* **Supplied material**:
==============================

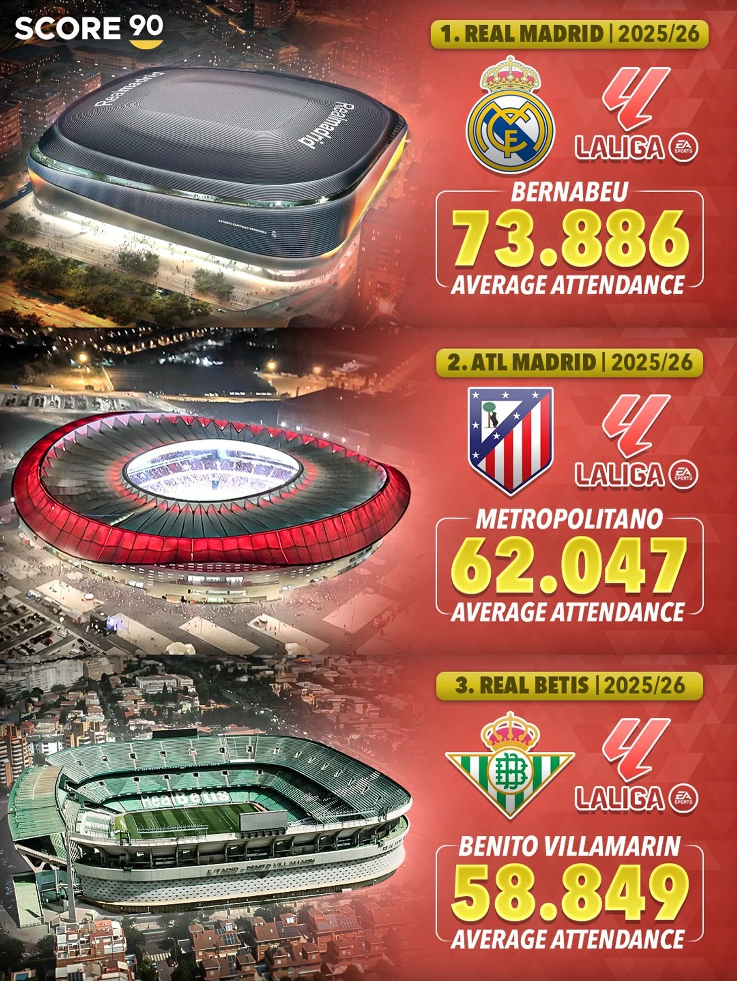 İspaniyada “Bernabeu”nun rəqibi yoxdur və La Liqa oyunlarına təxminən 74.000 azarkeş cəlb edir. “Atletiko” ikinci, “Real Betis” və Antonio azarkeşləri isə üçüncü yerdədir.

==============================

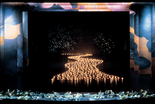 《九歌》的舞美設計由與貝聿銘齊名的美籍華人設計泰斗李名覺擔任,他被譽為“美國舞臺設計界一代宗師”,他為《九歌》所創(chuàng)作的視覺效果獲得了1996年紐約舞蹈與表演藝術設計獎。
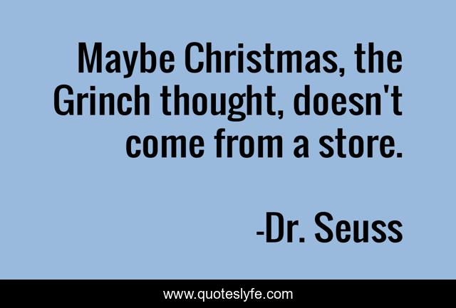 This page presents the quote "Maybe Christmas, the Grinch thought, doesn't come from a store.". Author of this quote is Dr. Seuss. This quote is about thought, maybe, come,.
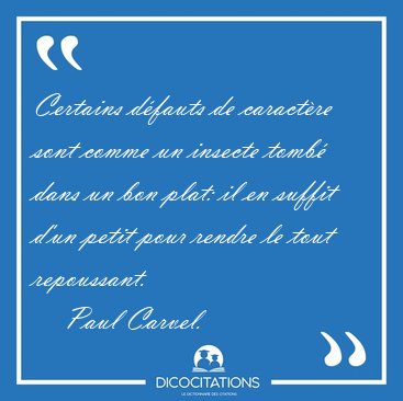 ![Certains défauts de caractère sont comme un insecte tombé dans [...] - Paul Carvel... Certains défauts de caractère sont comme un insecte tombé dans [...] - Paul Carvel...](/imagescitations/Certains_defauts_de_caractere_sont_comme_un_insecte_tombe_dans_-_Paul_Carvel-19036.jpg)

==============================

* **Goal of the exercise**:
In the material above, the stretch from the line with "This page presents" through the line with "Paul Carvel... Certains" is to be given again exactly, minus the pictures.

* **Completed task**:
 This page presents the quote "Maybe Christmas, the Grinch thought, doesn't come from a store.". Author of this quote is Dr. Seuss. This quote is about thought, maybe, come,.
 ![Certains défauts de caractère sont comme un insecte tombé dans [...] - Paul Carvel... Certains défauts de caractère sont comme un insecte tombé dans [...] - Paul Carvel...](/imagescitations/Certains_defauts_de_caractere_sont_comme_un_insecte_tombe_dans_-_Paul_Carvel-19036.jpg)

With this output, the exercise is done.